Il semblerait qu'à terme l'orgasme féminin, dépendant d'un gène récessif et ne jouant aucun rôle dans la survie de l'espèce, soir amené à disparaître. A partir de ce moment-là, je pense qu'on pourra commencer à discuter.

Ou pas. 

13.6.06 20:47


Mercredi 14 Juin 2006

Weltmeisterschaft  

Pour mériter de gagner une Coupe du Monde, il faut plus qu'une équipe, il faut une histoire. C'est là que se situe la principale différence avec la compétition soit-disant plus relevée qu'est l'Euro.

14.6.06 22:57


Jeudi 15 Juin 2006

Une revue de presse c'est si simple

"Pour se désintoxiquer de leurs vices, les déviants sont incités à une addiction plus puissante encore. Ils assistent à des projections de films pornographiques et sont contraints d'imaginer les viols, pénétrations, caresses intimes, crimes ou cruautés qui les excitent le plus. On ne leur interdit rien, on se met en quatre pour servir leurs demandes et enfin on les encourage autant à se masturber qu'à avoir des relations avec des "partenaires" embauchés par la clinique, cela afin de leur inculquer des conduites dites normales."
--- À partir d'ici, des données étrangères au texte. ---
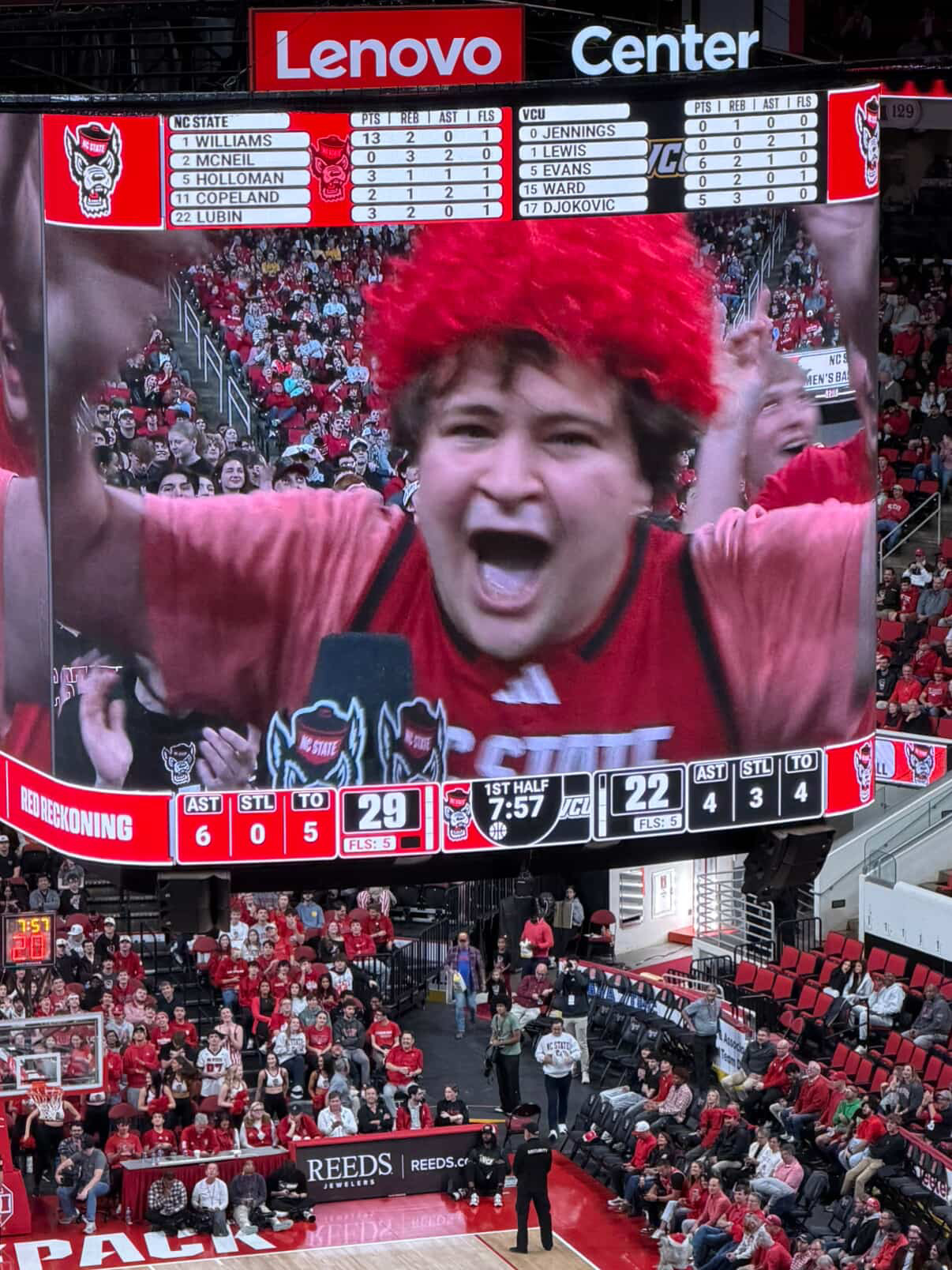 Jumbotron Sam Andre | December 3, 2025 In case you missed it at the Lenovo Center, sam was on the Jumbotron and won a prize (jewlery gift card?) for answering obscure NC State Basketball trivia. Go Sam!

Voilà une cure qui si elle n'a pas le mérite d'être efficace a au moins l'avantage d'être ludique. 

15.6.06 23:59


Vendredi 16 Juin 2006

Le monde selon Terry : enfin une note intéressante pendant la coupe du monde

Une bonne photo de Terry Richardson a pour moi le même pouvoir suggestif qu’un roman. Il y a un tel parti pris esthétique, un univers si affirmé, qu’on y attache immédiatement une saynète, à laquelle peut venir se coller une histoire puis encore un background. La photo de Terry, c’est toujours la rencontre de deux mondes censément étanches, l’instant où le fantasme contamine le quotidien, pénètre le plus banal des décors, la plus triviale des situations ; c’est une sorte de face caché d’Hollywood, pas le revers de la médaille, juste l’autre côté du miroir, et ce en bonne partie grâce à une bonne vieille merde argentique japonaise du milieu des années 90, un appareil photo comme celui qu’on emmenait en colonie de vacances : le dépositaire du fameux style snapshot. La photo Richardson c’est l’avènement de l’improbabilité que Chloé Sévigny apparaisse topless dans ta cuisine au moment où tu la prenais en photo pour montrer ton nouvel appart à ta mère qui habite à X kilomètre ; ou encore ta meuf en pull miraculeusement remplacé par un top en bikini au moment où tu la prends en photo dans la soirée d’un pote de pote dans un appart du onzième. Richardson c’est aussi une photo à forte charge sexuelle, une photo érotique par sa représentation d’un sexe non consommé (et donc non consommable) et pornographique par la crudité du réalisme et la négation du plaisir : c’est un sexe provocateur et dérangeant parce que désillusionné, désesthétisé, nu, presque un peu crade. Si j’aime tant les photos de Richardson c’est parce qu’elles participent de la création d’une femme idéale du xxième siècle : belle comme un top, vraie comme ta cousine, trash comme ton dernier pote punk, sexuelle comme une lolita impudique et sexué comme un bout de plastique.